» **SOURCE MATERIAL**:

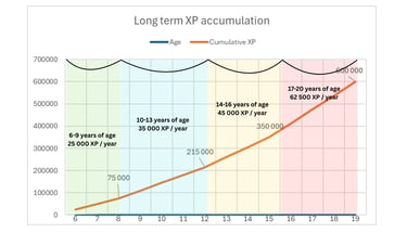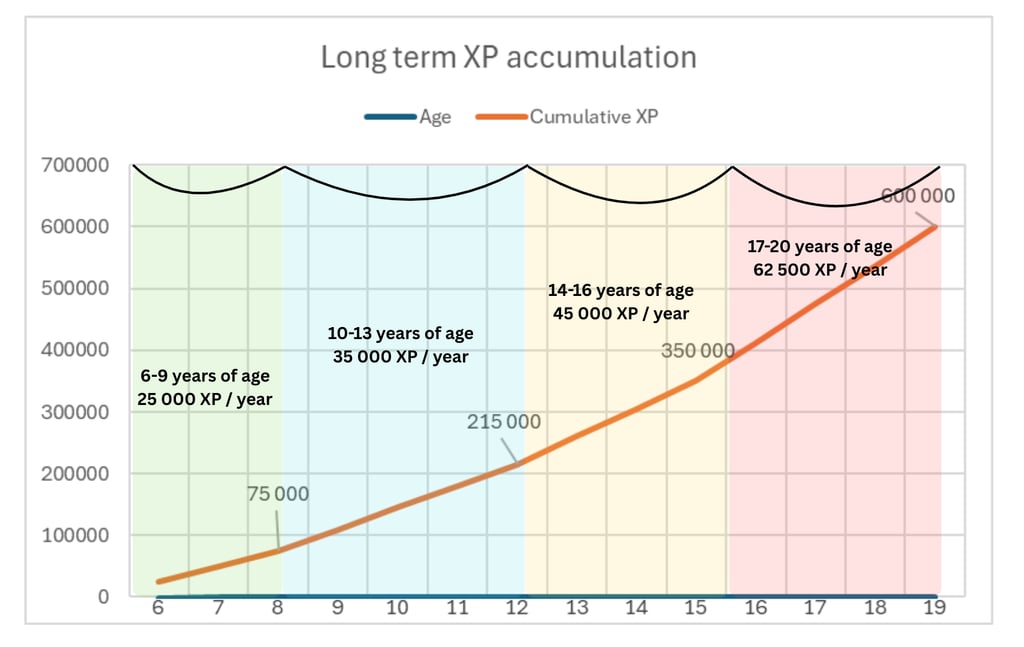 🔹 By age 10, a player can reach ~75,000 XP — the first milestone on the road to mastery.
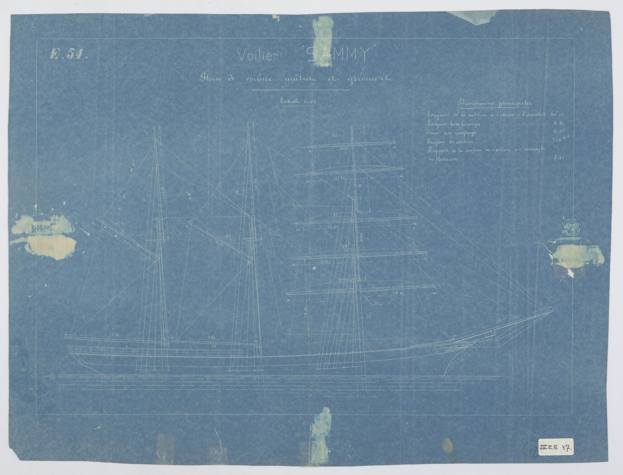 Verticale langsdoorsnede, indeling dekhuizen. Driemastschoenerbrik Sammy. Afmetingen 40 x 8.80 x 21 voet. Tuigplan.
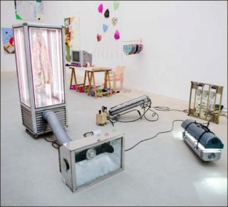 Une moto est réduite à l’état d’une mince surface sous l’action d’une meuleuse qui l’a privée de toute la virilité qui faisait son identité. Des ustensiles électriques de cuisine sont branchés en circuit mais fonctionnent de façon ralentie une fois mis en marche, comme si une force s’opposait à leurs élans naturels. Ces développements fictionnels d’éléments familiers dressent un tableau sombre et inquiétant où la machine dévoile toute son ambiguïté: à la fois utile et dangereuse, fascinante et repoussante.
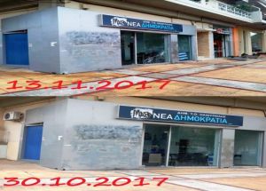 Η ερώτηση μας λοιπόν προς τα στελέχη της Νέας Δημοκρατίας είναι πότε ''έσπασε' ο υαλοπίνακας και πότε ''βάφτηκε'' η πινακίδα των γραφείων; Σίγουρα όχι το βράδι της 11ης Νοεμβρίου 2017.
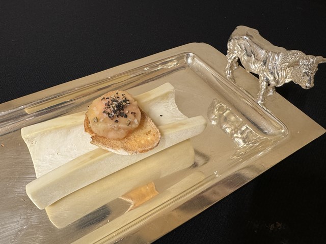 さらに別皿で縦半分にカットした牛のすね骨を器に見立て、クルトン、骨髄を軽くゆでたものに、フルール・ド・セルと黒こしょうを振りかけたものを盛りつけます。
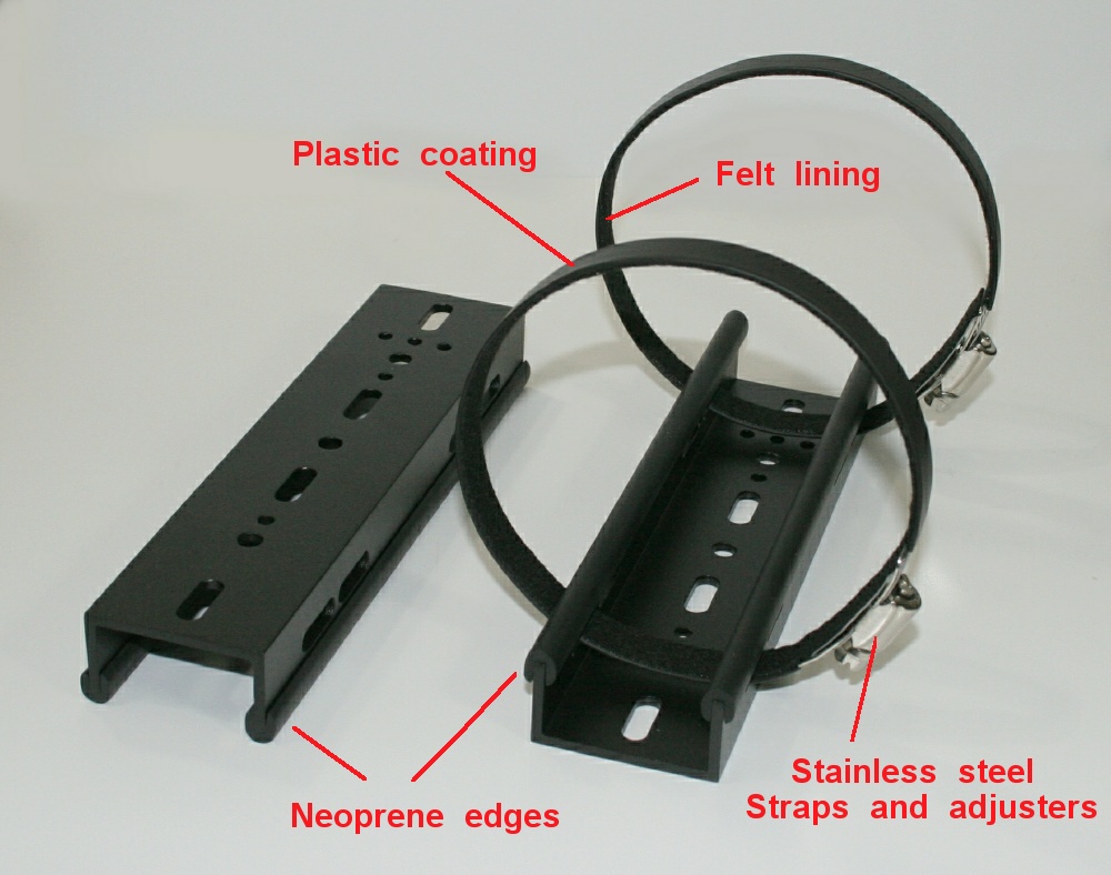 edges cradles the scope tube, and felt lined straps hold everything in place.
---
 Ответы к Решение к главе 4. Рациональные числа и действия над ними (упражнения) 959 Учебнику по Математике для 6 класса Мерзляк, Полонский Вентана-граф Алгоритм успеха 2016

» **YOUR OBJECTIVE**:
Copy word for word the span of the records above that begins at the line with "road to mastery." and ends at the line with "Verticale langsdoorsnede, indeling", including those two lines but not the pictures.

» **RESPONSE TO THIS EXERCISE**:
 🔹 By age 10, a player can reach ~75,000 XP — the first milestone on the road to mastery.
 Verticale langsdoorsnede, indeling dekhuizen. Driemastschoenerbrik Sammy. Afmetingen 40 x 8.80 x 21 voet. Tuigplan.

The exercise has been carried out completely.